The Note: You Can't Always Get What You Want

Roll Call's Chris Cillizza Notes the White House's special interest in the 2006 Senate races in Florida and North Dakota, with Karl Rove chatting regularly with Rep. Katherine Harris whether she plans to run against Sen. Bill Nelson (D) -- but the question is whether he's discouraging her. North Dakota Gov. John Hoeven comes to Washington this week to meet with the NRSC and the White House, Cillizza reports, while throwing in a good look at the White House's past candidate recruiting efforts.

Roll Call reports that Robert Traynham has heard the siren song of Sen. Rick Santorum and is moving from his current job as communications director and deputy staff director for the Republican Conference back into the Senator's fold -- or back in the saddle, as the case may be.

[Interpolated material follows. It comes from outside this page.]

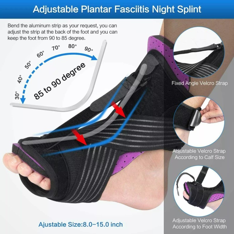 - 【Upgraded Adjustable Night Splint for Plantar Fasciitis】Firstly, we put a bendable aluminum bar inside the plantar fasciitis splint which adjustment angle is 85-90 degrees.Secondly, we designed an adjustable velcro strap on the forefoot and calf, which can be adjusted according to your size. Thirdly, there is a fixed and adjustable velcro strap between the calf and sole of the foot. In a words, the night splint for plantar fasciitis can be customized according to the size of each person's feet.

The New York Daily News reports Fred Steeper and Ben Ginsburg have signed up with Ed Cox's Senate campaign. LINK

The Seattle Times' Alex Fryer Notes the star power of Vice President Cheney yesterday, whose appearance for Rep. Dave Reichert (R-WA) brought in an estimated $100,000. LINK

Joan Vennochi of the Boston Globe looks at the campaign style of Democrat gubernatorial candidate Deval Patrick who may be lacking in funds compared to his competitor state attorney general Thomas Reilly, but is ahead when it comes to rallying voters with his spirit and passion on the campaign trail. Reilly may need to worry if down the road Patrick's charisma translates into greater campaign cash flow. LINK

Gov. Mark Sanford of South Carolina could be feeling the pressure of 2006 as the governor already has two Democratic contenders running against him, The State reports. Local mayor Frank Willis threw his hat in yesterday. In addition, Sanford may be up against his own primary challenger, Oscar Lovelace, a local doctor formed an exploratory committee last week. LINK

Washington governor's race -- settled:

In the end, it came down to "proportionate deduction," the Republicans' model for determining the number of illegal votes and adjusting the vote tallies -- and in the end, Judge Bridges didn't go along with it, declaring that Gov. Christine Gregoire (D) is the winner of the 2004 gubernatorial election. "Unless an election is clearly invalid, when the people have spoken, their verdict should not be disturbed by the courts," Bridges said. Republican Dino Rossi held a press conference later in the day, declaring that the makeup of the Washington state Supreme Court would make a challenge there impossible to win, and he would not pursue an appeal.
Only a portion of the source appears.